Photo 5: The main raceme (left to right across photo) bears short, secondary racemes composed of two flowerheads each, along with a single flowerhead at far right. Phyllaries of the involucres transition to bracts along the pedicels. Photo – early September.

The bright yellow flowerheads have 2-8 pistillate ray florets (with pistils only) which surround up to about a dozen perfect disk florets (with pistils and stamens). Ray florets have strap-shaped corollas with rounded, notched tips and slightly exserted styles with bifurcated stigmas. Disk florets are tubular with 5-lobed corollas and 5 stamens with thin filaments topped with elongate anthers. Anthers are fused into a ring that surrounds the style, which elongates through the anther ring, carrying the pollen above the corolla where it is available to pollinating insects. Once fully exserted, the pair of linear stigmatic surfaces divides and becomes receptive to pollen. Corollas are surrounded by hair-like modified sepals (pappus) which attach to the tip of flat-topped, elongate ovaries.
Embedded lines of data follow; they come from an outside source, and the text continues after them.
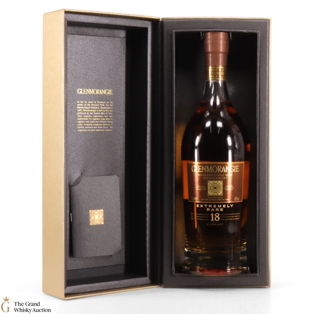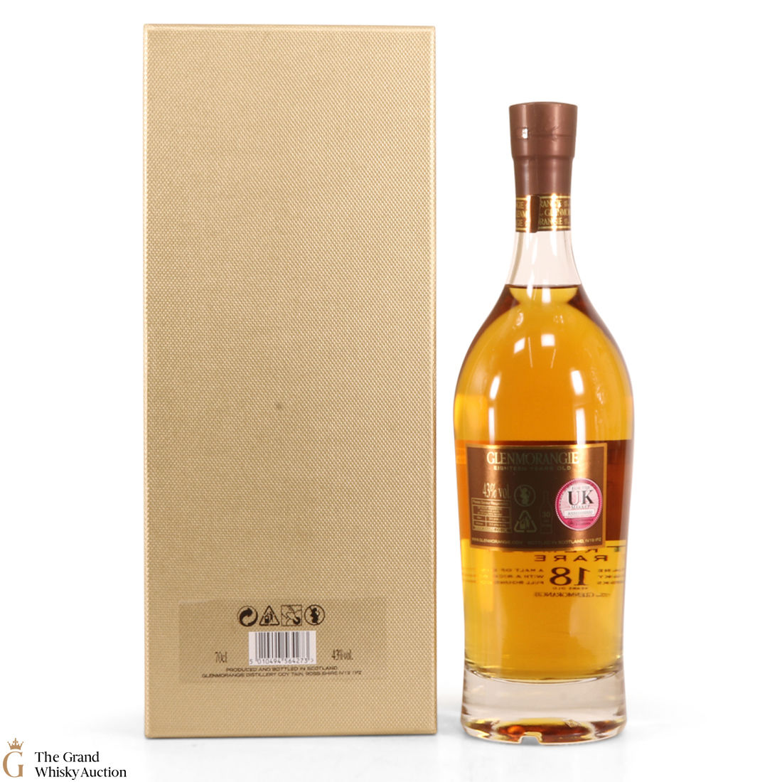 This bottle is an 18 year old Extremely Rare, Highland single malt produced by Glenmorangie. It has been perfected by the sixteen men of Tain who have specially aged this bottle for 18 years in superior oak casks and a period in Oloroso Sherry casks.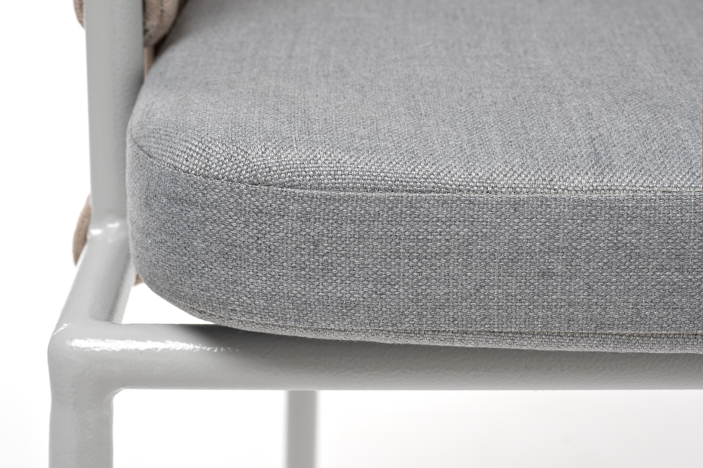 В комплект входит подушка со съёмным чехлом из 100% влагоотталкивающего полиэстера светло-серого цвета.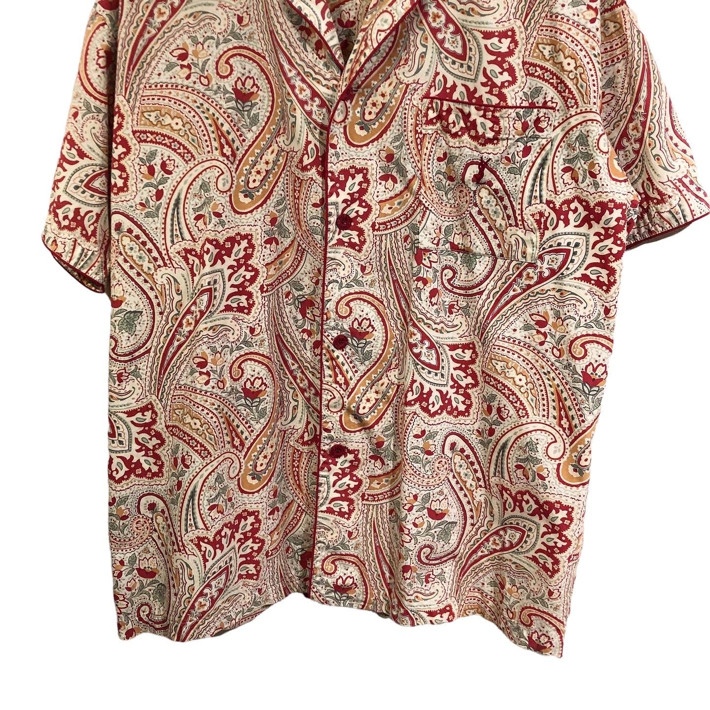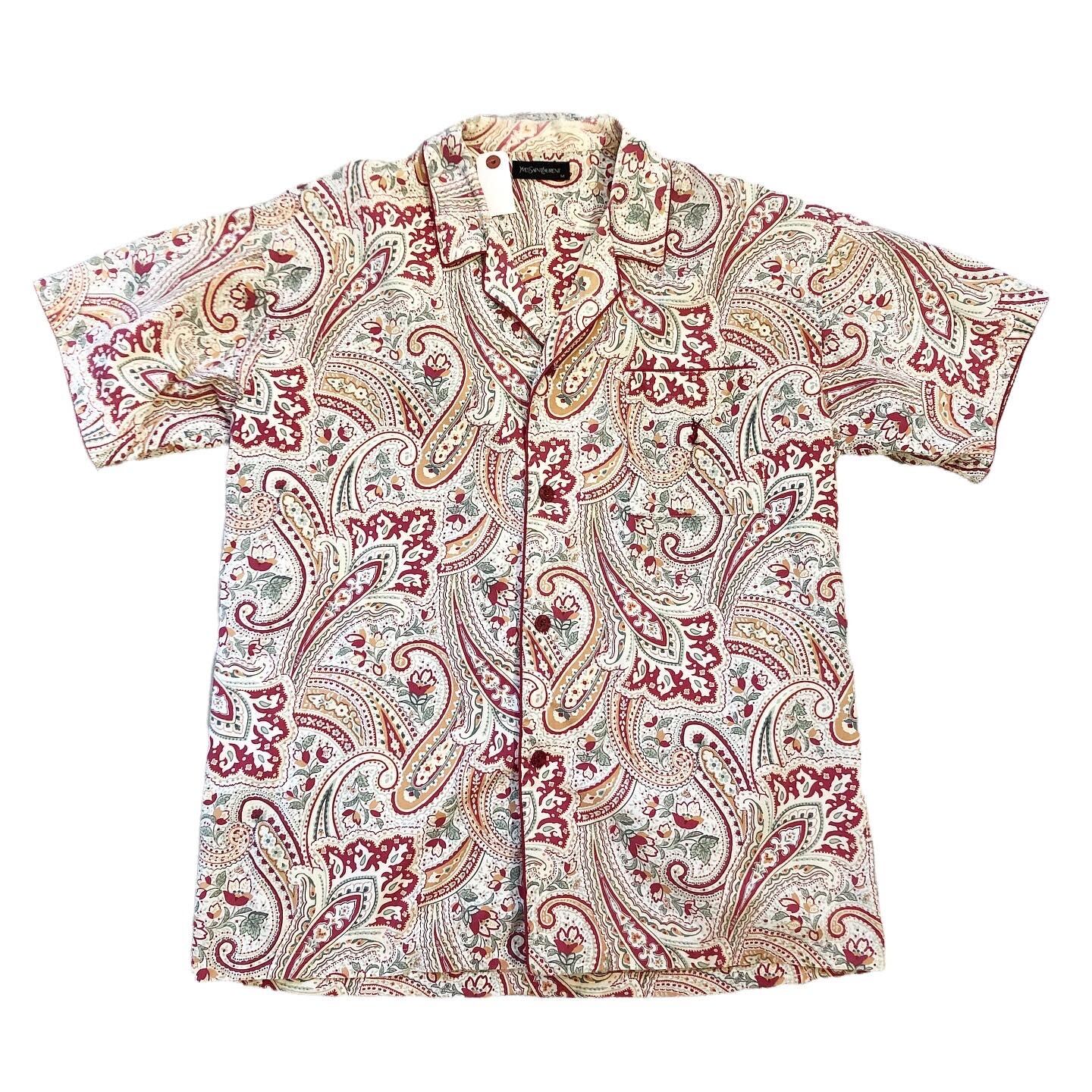 "YVES SAINT LAURENT" Paisley pattern cotton design S/S open collar pajama shirt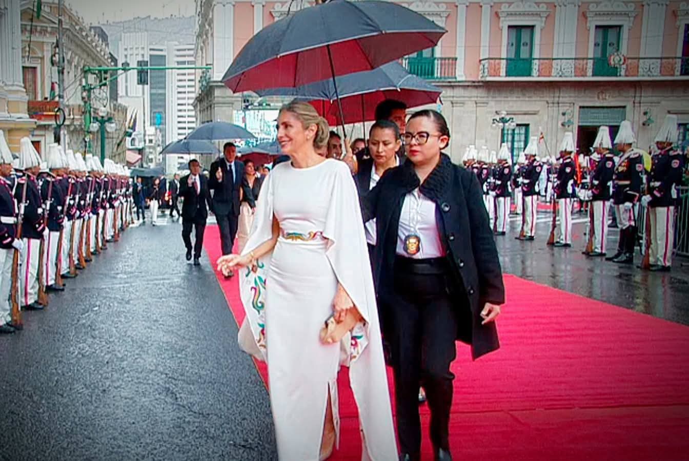 Su presencia destacó por la elegancia y el simbolismo de su atuendo, una creación confeccionada por manos tarijeñas que reflejó la identidad, el talento y la riqueza cultural del sur del país. Con ese gesto, la primera dama rindió homenaje a sus raíces y al trabajo artesanal boliviano, llevando consigo un mensaje de orgullo nacional y de reconocimiento al arte hecho en Bolivia.

Photo 6: Flowerheads here have 3-4 strap-shaped ray florets and up to a dozen or so tubular disk florets. The linear stigmatic surfaces of both ray and disk florets are divided. Pistils of disk florets are significantly larger than those of ray florets.

Fertilized florets produce flattened, 1/16 inch long, minutely pubescent, elongate achenes topped by bristly hairs (pappus). The hairs allow achenes to be dispersed widely by wind.

Photo 7: In this late November photo, the gradual decrease of leaf size up-stem into the branches can be seen. Achenes are ready for dispersal on next windy day.

For a garden or natural area, Boott’s goldenrod can add height and bright yellow fall color. This species has a smoother appearance than many of the other Arkansas goldenrods. It is not especially aggressive by seed or caudexes. It is not favored by deer. Flowerheads and leaves are an insect magnet.

Boott’s goldenrod has several general characteristics which help separate it (with difficulty) from the 26 other Solidago species that have yellow flowerheads: 1) one to several tall stems with widely separated leaves, 2) large ovate-elliptic basally disposed leaves, 3) an inflorescence with widely separated straight to recurved branches and sub-branches, 4) secund flowerheads, and 5) overall smooth appearance of the plant.

*Boott’s goldenrod has been identified by Arkansas authorities as Solidago arguta subsp. caroliniana var. boottii. Other authorities have identified it as Solidago arguta var. boottii or Solidago arguta subsp. bootii.